Saturday, October 2, 2010

Asking the Questions

I just read an article about a couple in KC named the Pruitts who are starting new careers in the independent film-making world -- creating "movies made by Christians rather than Christian movies". That phrase banged a gong in my mind. My NJ friend Randy and I had a conversation once about not wanting to do "Christian theater", but to be a Christian in theater. Aha -- a kindred spirit, as Anne of Green Gables would say.

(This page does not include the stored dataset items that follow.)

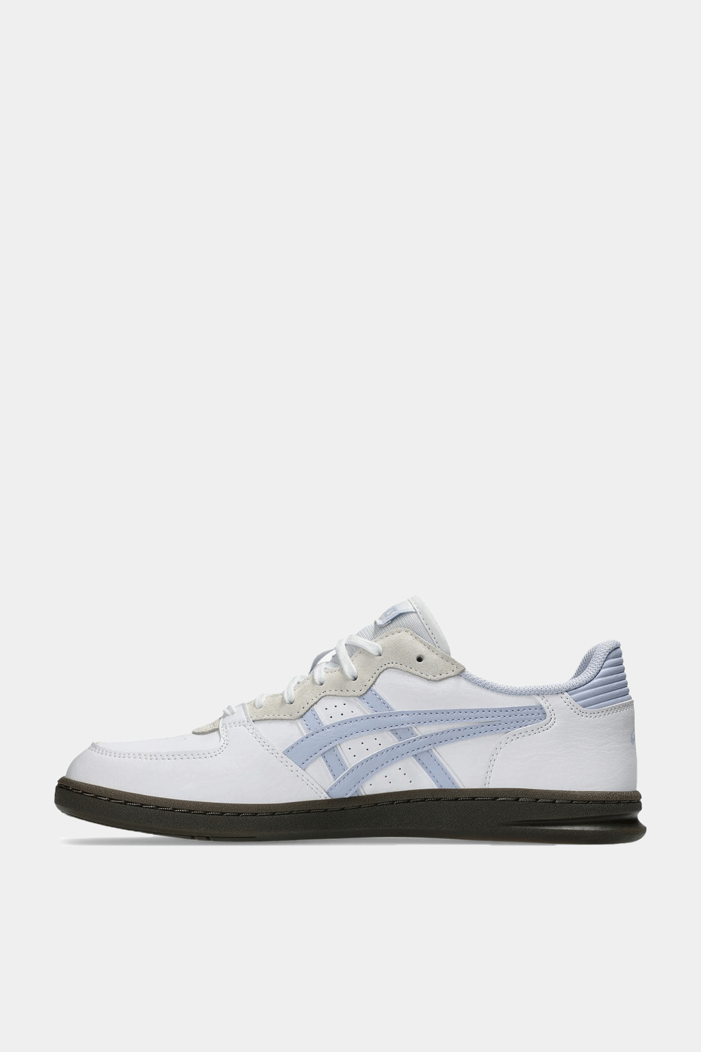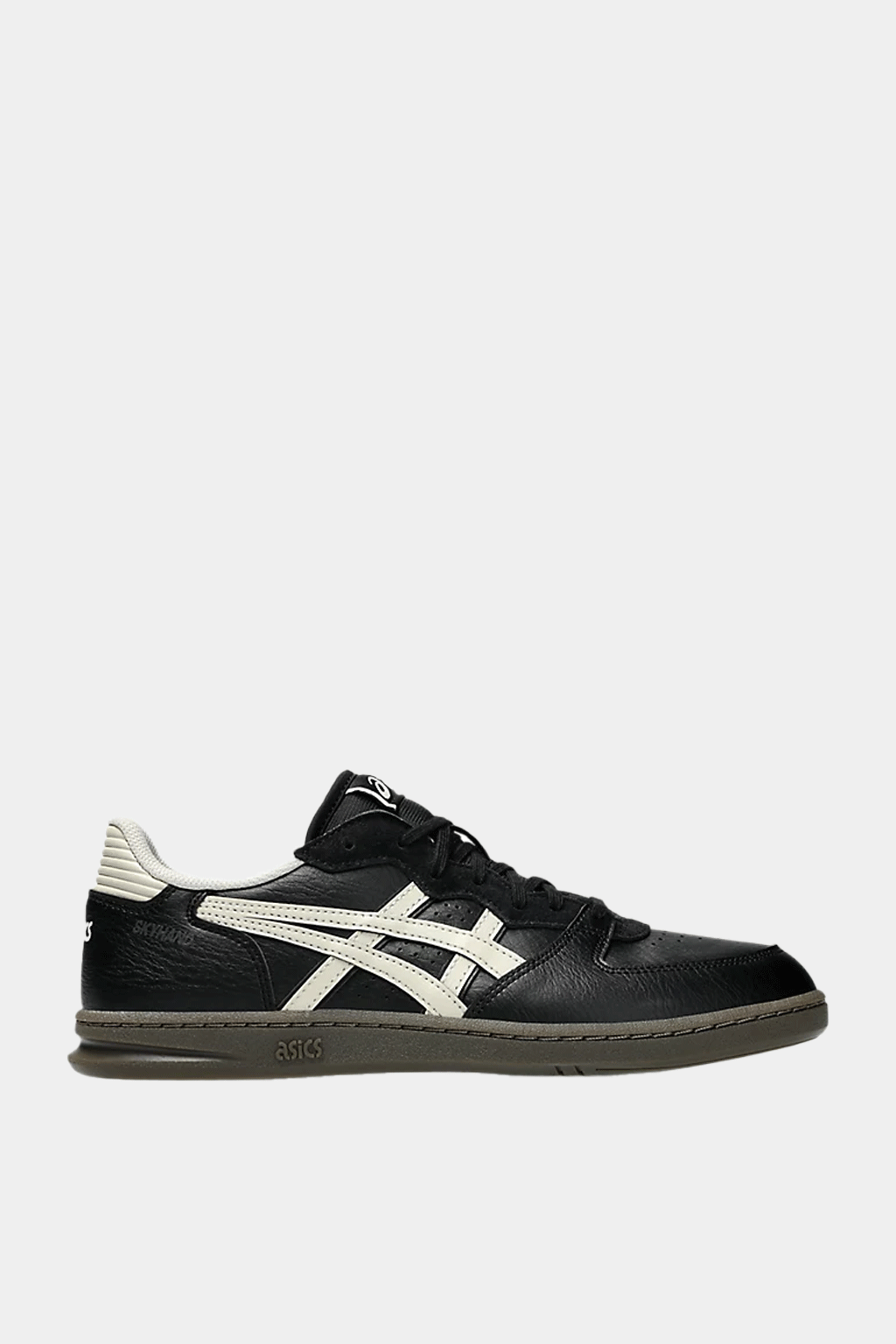 The Asics Sky Hand OG blends vintage style with modern comfort. Originally designed as a handball shoe, it features a full-grain leather upper and a sleek gum rubber outsole for a timeless look. The perforated toebox enhances breathability, while retro Asics striping adds classic flair. Finished with slender laces, off-white suede eyelets, and silver foil detailing at the ankle, this shoe is perfect for style-conscious sneaker enthusiasts.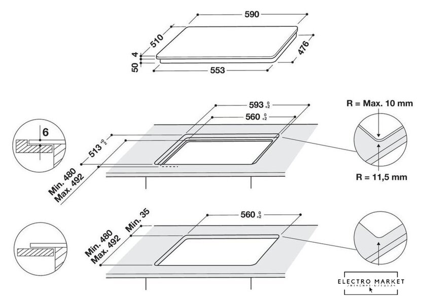 индукционная на 4 конфорки, закаленное стекло, мощность: 7000 Вт, независимая установка, размеры (ШхГ): 59x52 см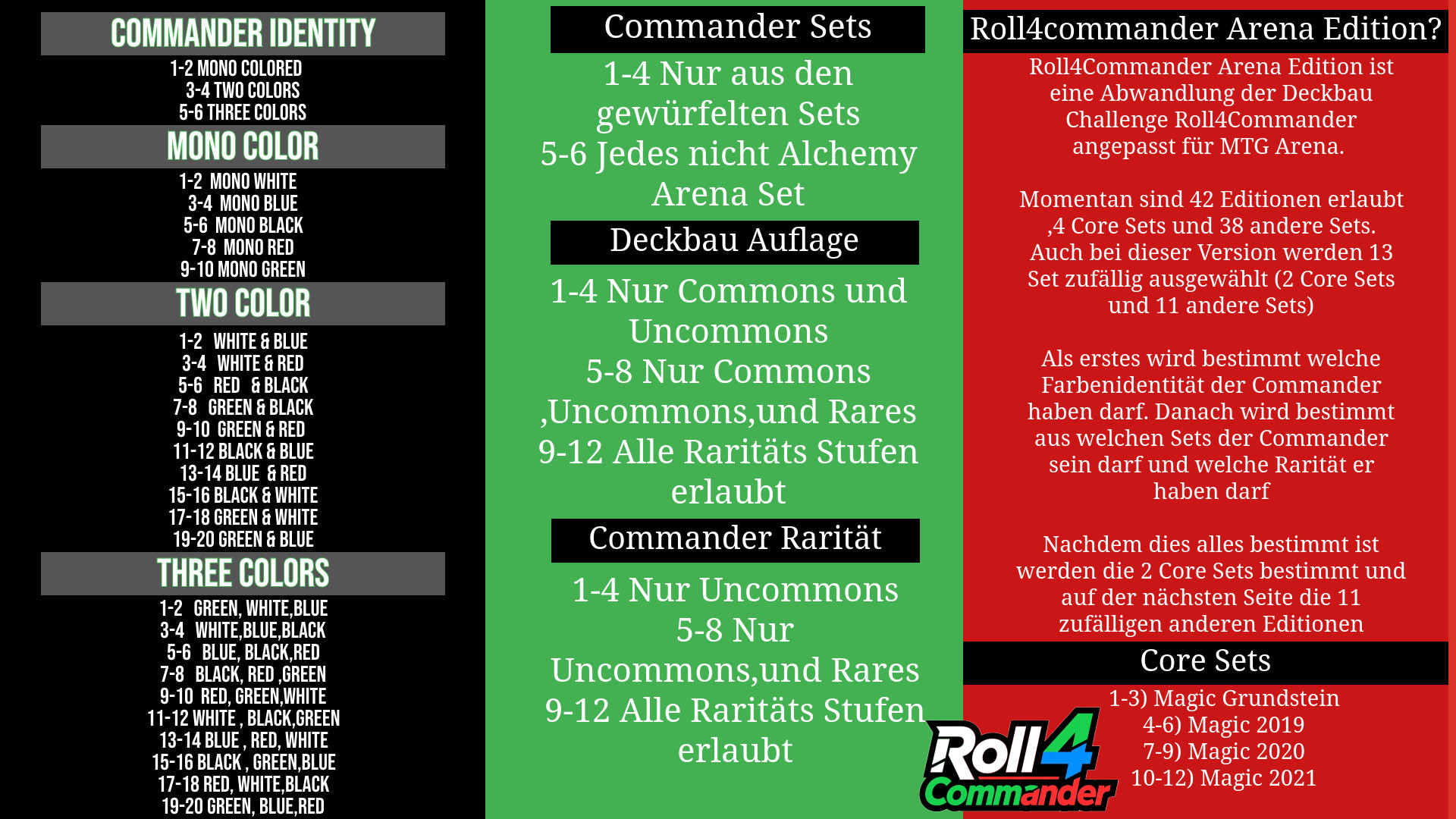 Die Roll4Commander Arena‑Edition läuft ähnlich ab wie das normale Roll4Commander, nur mit weniger Sets und ohne Alchemy‑Karten sowie ohne Karten, die immer für den Deckbau verfügbar sind (dies könnte sich jedoch ändern).

The article refers to a book by Paul Marshall called Heaven is Not My Home. A quick reading of a few reviews of the book gives me some concern, but Marshall's ideas that they mention in the article I like. Ideas about art (such as film and theater) and Christians. " . . Most people who watch Christian movies are, well, Christians. Those who aren't are either unaware these movies exist or hate them." True dat.

I always struggled with what to say about Fireproof and Facing the Giants. I kind of enjoyed the movies -- they had some particularly well-done and poignant scenes. But they had some other scenes that were just awful, honestly. Terrible acting -- so obviously amateurish. And the "gospel presentation" is too . . gosh, I can't quite think of the words. Simplistic. Unreal. Preachy. Preachy because it's so obvious that's the real reason the movie was made -- to "trick" someone into hearing a gospel presentation. They are "thinly veiled sermons" that "follow an evangelistic formula." So true dat.

And they do this because "we are impatient with the allusion, the gesture, the suggested, and latent. We want the straight-forward sermon, not the implied question." A-men. But as Marshall continues, a good film is "always allusive, suggestive, and alluring; it hints, it frames, and it touches. It does not come right out and state the case; it does not argue." A-MEN.

As Randy said (and I'm paraphrasing), theater is really good at asking the questions, but it really sucks at giving the answers. And many Christians are uncomfortable with that because they are afraid of leaving critical questions unanswered. We're always afraid that we will miss that one golden opportunity to lead someone to Christ.

Who was it that said, "They don't believe Jesus is the answer because they aren't asking the questions"? I believe there is tremendous value in theater (and film) that draws the viewer to the right questions, even without offering answers. Theater that walks them that one step closer to knowing God. And THAT is the kind of theater I ultimately want to be involved in creating.